Tool for converting project files and structure into a standardized XML format. This tool is designed to provide complete codebase context for LLMs by automatically scanning directories, extracting file contents, and building a structured XML representation. The XML output now supports independent filtering for directory structure and file content, and includes an additional section for files whose content was extracted but do not appear in the structure tree.
- Python 3.6+
- UTF-8 encoded source files
Run the tool from the command line by specifying the project directory:
python src/main_py /path/to/your/project
<?xml version="1.0" encoding="UTF-8"?>
<code>
<project_context>
<project_name>sample_project</project_name>
<generation_timestamp>YYYY-MM-DD HH:MM:SS UTC</generation_timestamp>
</project_context>
<structure_explanation>
This section represents the directory structure of the project.

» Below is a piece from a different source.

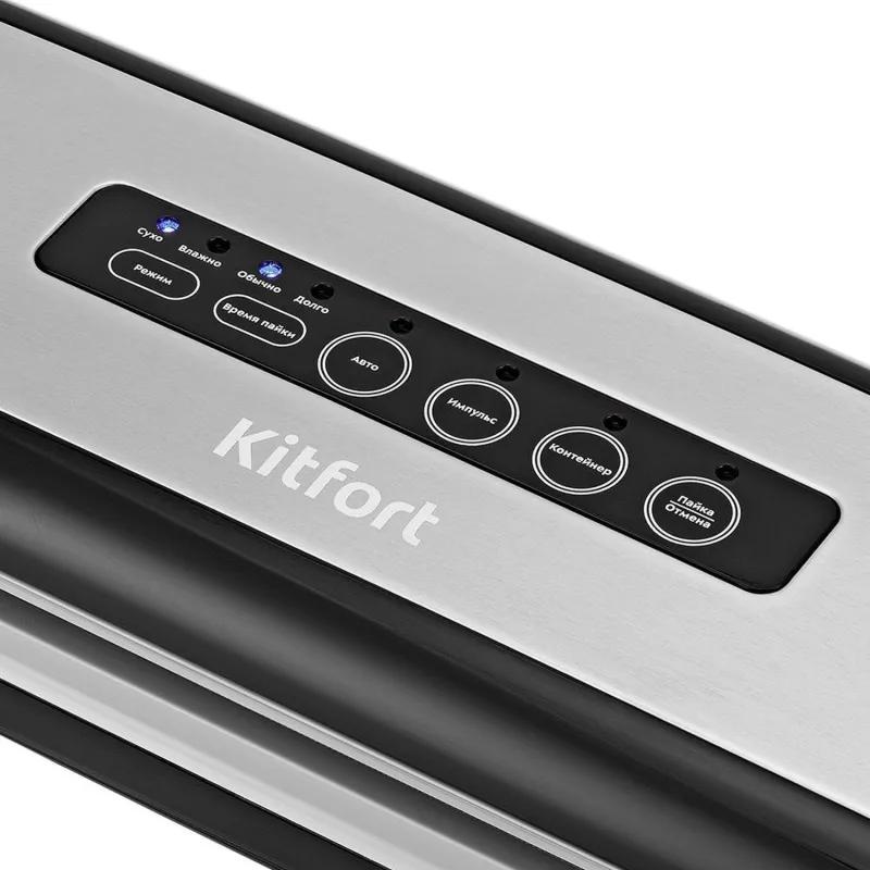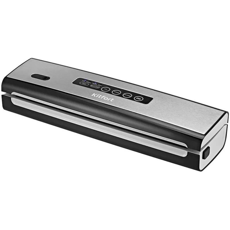 Вакууматор Kitfort КТ-1510 - современный прибор, призванный увеличить сроки хранения пищевых продуктов. Продукты, упакованные под вакуумом, сохраняют свежесть и не портятся существенно дольше по сравнению с обычными условиями хранения.Открытый край пакета укладывается под крышку прибора, после чего вакууматор начинает выкачивать из него воздух. В результате образования вакуума пакет плотно обжимает содержимое. Как только воздух удалён, начинается запечатывание открытой стороны пакета.
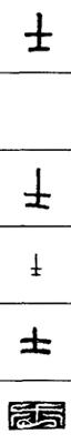 从上到下依次是小篆、甲骨文、金文、古玺及战国文字、缪篆及汉代文字、鸟虫篆。

It includes all UTF-8 encoded files that were not excluded based on the
configuration file, which allows excluding files by name, extension,
or size, and directories by name.
</structure_explanation>
<structure>
sample_project/
├── src/
│ ├── utils/
│ │ └── helper_py
│ └── main_py
├── docs/
│ └── README_md
└── config_json
</structure>
<src>
<utils>
<helper_py>
def helper_function():
return "This is a helper function"
</helper_py>
</utils>
<main_py>
def main():
print("Main function")
</main_py>
</src>
<docs>
<README_md>
# Sample Project
This is a sample README file.
</README_md>
</docs>
<config_json>
{
"max_file_size_kb": 1024,
"content_exclude": {
"extensions": [".env", ".pyc", ".log"],
"files": ["LICENSE", "useless_file.txt"],
"max_depth": 15,
"max_files": 25
},
"structure_exclude": {
"extensions": [".pyc", ".log", ".pdf"],
"files": ["LICENSE", "useless_file.txt", ".gitignore"],
"directories": ["__pycache__", ".git", "venv", ".pytest_cache", "tests", "output"],
"max_depth": 10,
"max_files": 50
}
}
</config_json>
<orphan_files>
<!-- Files extracted from content processing that did not appear in the structure -->
<example_file>
File content goes here...
</example_file>
</orphan_files>
</code>
The configuration is now split into two separate sections:
-
content_exclude: Controls which files are processed for content extraction.
extensions
: List of file extensions to exclude when extracting content.files
: Specific file names to exclude from content extraction.max_depth
: Maximum directory depth for processing file contents.max_files
: Maximum number of files per directory level to extract content from.
-
structure_exclude: Controls which files and directories appear in the directory structure.
extensions
: List of file extensions to exclude from the structure.files
: Specific file names to exclude from the structure.directories
: Directory names to exclude from the structure.max_depth
: Maximum directory depth to display in the structure.max_files
: Maximum number of items (files/directories) to show per level in the structure.
The output XML file is saved to the output
directory with a filename pattern of:
project_structure_[projectname]_[timestamp].txt
This revised README accurately reflects the new, decoupled configuration system and the independent handling of file structure and content in the XML output.